The value of integral $\int \frac{e^{{\tan }^{-1}x}}{1+x^2}[{\left({\sec }^{-1}\sqrt{1+x^2}\right)}^2+{\cos }^{-1}\left(\frac{1-x^2}{1+x^2}\right)]dx$ $(x>0),$ is
(where ${}^{\prime }{C}^{\prime }$ is the constant of integration)

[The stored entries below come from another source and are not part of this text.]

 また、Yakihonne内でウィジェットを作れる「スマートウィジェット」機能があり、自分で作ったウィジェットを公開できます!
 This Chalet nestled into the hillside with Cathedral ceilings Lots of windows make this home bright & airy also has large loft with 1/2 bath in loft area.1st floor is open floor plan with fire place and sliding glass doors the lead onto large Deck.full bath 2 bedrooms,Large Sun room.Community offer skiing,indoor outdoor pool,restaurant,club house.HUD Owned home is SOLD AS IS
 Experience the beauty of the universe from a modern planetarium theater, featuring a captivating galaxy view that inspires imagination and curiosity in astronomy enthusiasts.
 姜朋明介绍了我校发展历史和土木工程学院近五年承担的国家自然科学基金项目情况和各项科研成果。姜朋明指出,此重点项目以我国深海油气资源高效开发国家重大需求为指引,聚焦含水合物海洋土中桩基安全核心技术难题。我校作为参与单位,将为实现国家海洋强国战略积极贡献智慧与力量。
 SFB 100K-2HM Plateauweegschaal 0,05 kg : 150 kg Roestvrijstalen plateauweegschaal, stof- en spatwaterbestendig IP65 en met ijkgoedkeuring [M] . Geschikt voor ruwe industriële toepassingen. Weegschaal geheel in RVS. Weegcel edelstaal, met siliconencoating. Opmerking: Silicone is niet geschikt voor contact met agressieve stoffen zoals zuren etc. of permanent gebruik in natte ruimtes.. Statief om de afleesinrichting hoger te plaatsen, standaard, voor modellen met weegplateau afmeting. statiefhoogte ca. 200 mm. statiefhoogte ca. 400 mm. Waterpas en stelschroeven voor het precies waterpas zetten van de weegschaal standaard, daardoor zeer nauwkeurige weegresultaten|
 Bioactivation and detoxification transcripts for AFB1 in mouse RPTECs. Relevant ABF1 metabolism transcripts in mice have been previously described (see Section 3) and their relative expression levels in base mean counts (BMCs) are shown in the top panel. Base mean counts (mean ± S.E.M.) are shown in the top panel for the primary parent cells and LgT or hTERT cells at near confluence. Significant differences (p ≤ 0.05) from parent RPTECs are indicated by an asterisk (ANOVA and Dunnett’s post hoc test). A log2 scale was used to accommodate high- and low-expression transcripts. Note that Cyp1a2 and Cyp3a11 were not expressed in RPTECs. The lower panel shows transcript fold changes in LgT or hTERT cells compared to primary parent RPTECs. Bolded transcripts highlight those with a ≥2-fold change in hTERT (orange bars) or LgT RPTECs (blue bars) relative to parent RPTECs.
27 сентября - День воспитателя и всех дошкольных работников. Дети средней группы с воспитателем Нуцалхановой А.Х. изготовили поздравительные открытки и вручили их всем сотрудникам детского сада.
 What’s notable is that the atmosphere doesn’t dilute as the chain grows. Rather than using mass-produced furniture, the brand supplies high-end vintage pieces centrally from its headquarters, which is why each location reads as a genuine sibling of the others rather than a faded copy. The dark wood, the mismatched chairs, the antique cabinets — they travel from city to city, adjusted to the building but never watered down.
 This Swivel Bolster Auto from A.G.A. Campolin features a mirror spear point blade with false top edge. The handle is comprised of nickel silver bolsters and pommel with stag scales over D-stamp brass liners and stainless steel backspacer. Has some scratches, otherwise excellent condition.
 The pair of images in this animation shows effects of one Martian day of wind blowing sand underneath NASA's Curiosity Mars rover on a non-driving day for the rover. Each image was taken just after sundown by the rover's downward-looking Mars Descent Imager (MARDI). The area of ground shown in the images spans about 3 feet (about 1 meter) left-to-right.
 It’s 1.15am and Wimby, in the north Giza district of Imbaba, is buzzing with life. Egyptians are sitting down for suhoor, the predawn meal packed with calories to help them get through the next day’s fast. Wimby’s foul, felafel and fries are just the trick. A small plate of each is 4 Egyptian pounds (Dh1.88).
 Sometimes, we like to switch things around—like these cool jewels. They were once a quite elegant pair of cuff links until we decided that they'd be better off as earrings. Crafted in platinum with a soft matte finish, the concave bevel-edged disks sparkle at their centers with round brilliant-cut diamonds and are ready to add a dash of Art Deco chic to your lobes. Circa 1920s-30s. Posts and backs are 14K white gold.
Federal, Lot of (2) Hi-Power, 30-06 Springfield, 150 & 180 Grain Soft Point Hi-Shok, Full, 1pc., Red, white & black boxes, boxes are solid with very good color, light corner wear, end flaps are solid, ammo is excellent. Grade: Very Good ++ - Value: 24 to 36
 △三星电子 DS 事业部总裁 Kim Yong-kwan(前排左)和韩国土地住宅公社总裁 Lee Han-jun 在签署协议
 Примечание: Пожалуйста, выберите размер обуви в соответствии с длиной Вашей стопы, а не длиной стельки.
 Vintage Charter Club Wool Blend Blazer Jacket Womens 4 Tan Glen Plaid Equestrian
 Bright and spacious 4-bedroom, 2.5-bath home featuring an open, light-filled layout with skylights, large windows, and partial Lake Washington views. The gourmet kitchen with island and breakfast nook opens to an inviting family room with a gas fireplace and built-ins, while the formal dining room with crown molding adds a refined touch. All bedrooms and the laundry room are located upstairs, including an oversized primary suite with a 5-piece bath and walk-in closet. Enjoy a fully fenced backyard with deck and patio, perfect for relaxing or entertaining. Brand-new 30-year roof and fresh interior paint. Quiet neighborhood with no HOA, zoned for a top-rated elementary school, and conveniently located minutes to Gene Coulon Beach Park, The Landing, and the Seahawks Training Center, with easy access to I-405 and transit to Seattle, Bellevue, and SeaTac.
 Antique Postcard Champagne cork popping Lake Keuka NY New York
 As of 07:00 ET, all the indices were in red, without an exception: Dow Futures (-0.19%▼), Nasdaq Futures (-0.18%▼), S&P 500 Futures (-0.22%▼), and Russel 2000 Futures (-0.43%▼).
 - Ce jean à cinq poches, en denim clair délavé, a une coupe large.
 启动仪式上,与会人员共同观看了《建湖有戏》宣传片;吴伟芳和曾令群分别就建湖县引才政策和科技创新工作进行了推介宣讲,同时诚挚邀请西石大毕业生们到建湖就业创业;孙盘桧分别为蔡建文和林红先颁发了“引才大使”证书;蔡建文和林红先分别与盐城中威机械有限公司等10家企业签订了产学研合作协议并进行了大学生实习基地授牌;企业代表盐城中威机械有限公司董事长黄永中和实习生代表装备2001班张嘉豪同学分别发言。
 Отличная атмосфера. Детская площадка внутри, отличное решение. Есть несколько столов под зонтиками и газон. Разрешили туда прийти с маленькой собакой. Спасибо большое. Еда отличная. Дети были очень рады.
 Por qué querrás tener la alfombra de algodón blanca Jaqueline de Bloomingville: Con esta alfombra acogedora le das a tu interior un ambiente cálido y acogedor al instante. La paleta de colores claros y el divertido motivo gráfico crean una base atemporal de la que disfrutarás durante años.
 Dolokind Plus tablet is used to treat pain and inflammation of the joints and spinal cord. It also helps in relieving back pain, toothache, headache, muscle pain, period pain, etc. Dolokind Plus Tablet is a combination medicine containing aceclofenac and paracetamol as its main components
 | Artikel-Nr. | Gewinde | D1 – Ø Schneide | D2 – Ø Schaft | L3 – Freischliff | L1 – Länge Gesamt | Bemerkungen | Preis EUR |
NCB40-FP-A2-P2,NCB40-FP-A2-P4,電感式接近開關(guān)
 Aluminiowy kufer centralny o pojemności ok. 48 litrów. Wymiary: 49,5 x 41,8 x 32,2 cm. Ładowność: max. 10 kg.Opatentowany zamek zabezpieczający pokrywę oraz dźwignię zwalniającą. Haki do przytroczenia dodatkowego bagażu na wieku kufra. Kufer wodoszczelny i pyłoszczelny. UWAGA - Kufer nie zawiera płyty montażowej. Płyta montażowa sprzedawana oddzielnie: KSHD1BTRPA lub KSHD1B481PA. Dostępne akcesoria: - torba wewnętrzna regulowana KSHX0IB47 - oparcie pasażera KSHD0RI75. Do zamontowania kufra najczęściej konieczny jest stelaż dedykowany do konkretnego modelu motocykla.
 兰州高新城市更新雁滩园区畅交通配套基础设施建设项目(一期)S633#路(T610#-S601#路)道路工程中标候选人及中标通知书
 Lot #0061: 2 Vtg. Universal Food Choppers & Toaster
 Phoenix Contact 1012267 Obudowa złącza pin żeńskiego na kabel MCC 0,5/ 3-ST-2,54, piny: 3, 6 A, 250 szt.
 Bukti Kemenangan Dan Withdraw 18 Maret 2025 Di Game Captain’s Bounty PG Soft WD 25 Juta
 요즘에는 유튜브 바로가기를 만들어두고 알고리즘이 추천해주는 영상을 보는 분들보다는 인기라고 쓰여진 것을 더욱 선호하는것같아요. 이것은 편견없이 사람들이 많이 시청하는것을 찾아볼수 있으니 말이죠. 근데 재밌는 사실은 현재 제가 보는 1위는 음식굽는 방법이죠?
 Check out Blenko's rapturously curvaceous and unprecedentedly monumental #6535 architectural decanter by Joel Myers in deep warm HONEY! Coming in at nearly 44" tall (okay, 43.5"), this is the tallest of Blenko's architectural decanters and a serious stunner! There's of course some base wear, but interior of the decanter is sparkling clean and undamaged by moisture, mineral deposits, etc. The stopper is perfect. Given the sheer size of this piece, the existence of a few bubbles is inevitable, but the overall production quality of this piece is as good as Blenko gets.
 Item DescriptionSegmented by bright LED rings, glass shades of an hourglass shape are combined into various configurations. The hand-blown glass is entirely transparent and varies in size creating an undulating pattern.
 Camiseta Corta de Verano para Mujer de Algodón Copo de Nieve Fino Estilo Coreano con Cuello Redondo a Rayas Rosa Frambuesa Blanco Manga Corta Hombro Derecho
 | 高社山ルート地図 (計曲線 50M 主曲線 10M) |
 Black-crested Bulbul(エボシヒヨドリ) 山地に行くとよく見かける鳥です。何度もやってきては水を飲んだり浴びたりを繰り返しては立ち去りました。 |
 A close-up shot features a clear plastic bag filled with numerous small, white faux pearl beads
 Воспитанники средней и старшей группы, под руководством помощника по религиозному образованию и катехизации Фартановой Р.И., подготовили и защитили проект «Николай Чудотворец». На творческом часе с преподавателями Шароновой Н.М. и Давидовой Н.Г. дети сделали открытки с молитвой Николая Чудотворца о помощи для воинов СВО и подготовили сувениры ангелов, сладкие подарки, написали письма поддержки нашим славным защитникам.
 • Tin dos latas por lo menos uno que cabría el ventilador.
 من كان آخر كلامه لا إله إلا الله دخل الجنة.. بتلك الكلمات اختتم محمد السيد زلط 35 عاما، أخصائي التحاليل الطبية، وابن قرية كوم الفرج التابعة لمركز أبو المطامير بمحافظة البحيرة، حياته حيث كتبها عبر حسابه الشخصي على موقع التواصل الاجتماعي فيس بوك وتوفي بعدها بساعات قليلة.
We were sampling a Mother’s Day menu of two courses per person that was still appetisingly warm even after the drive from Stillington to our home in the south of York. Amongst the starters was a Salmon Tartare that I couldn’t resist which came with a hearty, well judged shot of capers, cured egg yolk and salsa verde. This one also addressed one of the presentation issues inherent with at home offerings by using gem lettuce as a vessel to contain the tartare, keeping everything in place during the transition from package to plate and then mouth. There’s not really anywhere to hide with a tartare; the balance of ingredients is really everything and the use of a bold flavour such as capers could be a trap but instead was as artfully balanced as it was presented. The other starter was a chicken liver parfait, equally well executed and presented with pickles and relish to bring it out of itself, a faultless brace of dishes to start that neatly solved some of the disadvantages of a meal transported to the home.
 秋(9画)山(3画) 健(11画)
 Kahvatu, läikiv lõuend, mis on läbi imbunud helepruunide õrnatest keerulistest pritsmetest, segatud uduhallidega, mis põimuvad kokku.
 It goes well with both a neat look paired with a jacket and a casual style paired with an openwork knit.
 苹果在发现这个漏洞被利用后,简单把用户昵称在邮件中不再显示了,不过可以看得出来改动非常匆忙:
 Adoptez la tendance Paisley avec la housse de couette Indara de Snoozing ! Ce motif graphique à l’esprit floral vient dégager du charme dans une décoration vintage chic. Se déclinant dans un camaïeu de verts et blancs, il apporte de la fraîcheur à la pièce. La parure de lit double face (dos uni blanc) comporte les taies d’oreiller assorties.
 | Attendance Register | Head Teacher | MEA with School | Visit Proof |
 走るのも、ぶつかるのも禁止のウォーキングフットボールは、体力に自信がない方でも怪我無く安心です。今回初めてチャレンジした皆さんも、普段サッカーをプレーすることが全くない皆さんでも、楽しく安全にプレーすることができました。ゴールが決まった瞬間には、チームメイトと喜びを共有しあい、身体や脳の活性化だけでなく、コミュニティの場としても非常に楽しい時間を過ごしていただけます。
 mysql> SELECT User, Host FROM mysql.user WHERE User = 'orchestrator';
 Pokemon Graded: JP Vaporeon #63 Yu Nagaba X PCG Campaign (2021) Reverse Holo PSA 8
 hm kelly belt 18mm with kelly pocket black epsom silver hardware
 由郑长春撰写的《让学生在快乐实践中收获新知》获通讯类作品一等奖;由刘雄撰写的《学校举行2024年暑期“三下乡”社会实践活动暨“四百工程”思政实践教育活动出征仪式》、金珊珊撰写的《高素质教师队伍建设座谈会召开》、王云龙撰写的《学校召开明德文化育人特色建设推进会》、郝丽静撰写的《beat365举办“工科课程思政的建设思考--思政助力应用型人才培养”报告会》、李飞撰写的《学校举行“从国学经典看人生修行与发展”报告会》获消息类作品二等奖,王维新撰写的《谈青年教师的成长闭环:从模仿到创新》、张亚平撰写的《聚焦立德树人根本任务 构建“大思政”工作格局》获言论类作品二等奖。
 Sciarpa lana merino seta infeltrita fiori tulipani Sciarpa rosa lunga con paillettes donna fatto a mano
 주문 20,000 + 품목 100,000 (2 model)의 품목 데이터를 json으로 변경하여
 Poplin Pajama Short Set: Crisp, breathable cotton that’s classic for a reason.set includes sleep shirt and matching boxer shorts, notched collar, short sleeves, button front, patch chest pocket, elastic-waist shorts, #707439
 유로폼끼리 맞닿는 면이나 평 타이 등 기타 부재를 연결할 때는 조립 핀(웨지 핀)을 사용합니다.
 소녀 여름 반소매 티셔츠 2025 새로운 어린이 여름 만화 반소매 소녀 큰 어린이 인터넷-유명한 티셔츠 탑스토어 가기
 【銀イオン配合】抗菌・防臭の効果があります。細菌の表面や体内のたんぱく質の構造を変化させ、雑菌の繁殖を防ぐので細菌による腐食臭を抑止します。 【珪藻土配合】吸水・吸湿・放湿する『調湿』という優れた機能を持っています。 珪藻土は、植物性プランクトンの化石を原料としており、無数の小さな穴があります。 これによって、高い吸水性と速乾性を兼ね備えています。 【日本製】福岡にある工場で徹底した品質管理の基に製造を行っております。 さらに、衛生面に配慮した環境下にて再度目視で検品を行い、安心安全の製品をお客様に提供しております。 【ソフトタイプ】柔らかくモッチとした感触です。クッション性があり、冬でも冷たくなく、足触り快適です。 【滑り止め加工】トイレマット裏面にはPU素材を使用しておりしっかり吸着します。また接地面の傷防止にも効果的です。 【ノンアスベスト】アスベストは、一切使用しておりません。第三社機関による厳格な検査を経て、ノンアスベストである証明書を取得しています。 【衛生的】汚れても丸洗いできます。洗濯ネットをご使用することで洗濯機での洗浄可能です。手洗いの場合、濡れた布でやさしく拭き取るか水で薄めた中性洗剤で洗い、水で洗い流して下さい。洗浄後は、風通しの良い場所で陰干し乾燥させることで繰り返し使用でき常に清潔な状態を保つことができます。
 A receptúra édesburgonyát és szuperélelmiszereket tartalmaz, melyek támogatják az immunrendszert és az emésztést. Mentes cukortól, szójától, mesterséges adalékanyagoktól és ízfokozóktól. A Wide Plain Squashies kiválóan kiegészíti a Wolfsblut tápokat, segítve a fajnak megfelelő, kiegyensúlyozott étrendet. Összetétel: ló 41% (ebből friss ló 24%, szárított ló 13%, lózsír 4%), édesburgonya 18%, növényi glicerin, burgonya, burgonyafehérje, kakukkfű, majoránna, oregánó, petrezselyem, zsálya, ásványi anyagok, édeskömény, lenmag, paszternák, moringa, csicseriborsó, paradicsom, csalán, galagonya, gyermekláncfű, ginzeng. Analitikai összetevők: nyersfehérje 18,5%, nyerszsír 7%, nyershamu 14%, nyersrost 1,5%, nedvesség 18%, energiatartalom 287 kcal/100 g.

• A. $e^{{\tan }^{-1}x}\left({\tan }^{-1}x\right)+C$
• B. $e^{{\tan }^{-1}x}{\left({\tan }^{-1}x\right)}^2+C$
• C. $e^{{\tan }^{-1}x}+{\left({\tan }^{-1}x\right)}^2+C$
• D. $e^{{\left({\tan }^{-1}x\right)}^2}\left({\tan }^{-1}x\right)+C$

Answer 1

The correct option is B $e^{{\tan }^{-1}x}{\left({\tan }^{-1}x\right)}^2+C$

$I=\int \frac{e^{{\tan }^{-1}x}}{1+x^2}[{\left({\sec }^{-1}\sqrt{1+x^2}\right)}^2+{\cos }^{-1}\left(\frac{1-x^2}{1+x^2}\right)]dx$

Put $x=\tan \theta$
${\sec }^{-1}\sqrt{1+x^2}={\sec }^{-1}\sqrt{1+{\tan }^2\theta }={\sec }^{-1}\left(\sec \theta \right)(\because x>0)=\theta$

${\cos }^{-1}\left(\frac{1-x^2}{1+x^2}\right)={\cos }^{-1}\left(\frac{1-{\tan }^2\theta }{1+{\tan }^2\theta }\right)={\cos }^{-1}\left(\cos 2\theta \right)=2\theta$

$\Rightarrow I=\int e^{\theta }({\theta }^2+2\theta )d\theta$
The above integral is in the form of
$\int e^x\left[f\right(x)+f^{\prime }(x\left)\right]dx=e^{x}f\left(x\right)+C$

$\therefore I=e^{\theta }{\theta }^2+C$
$=e^{{\tan }^{-1}x}{\left({\tan }^{-1}x\right)}^2+C$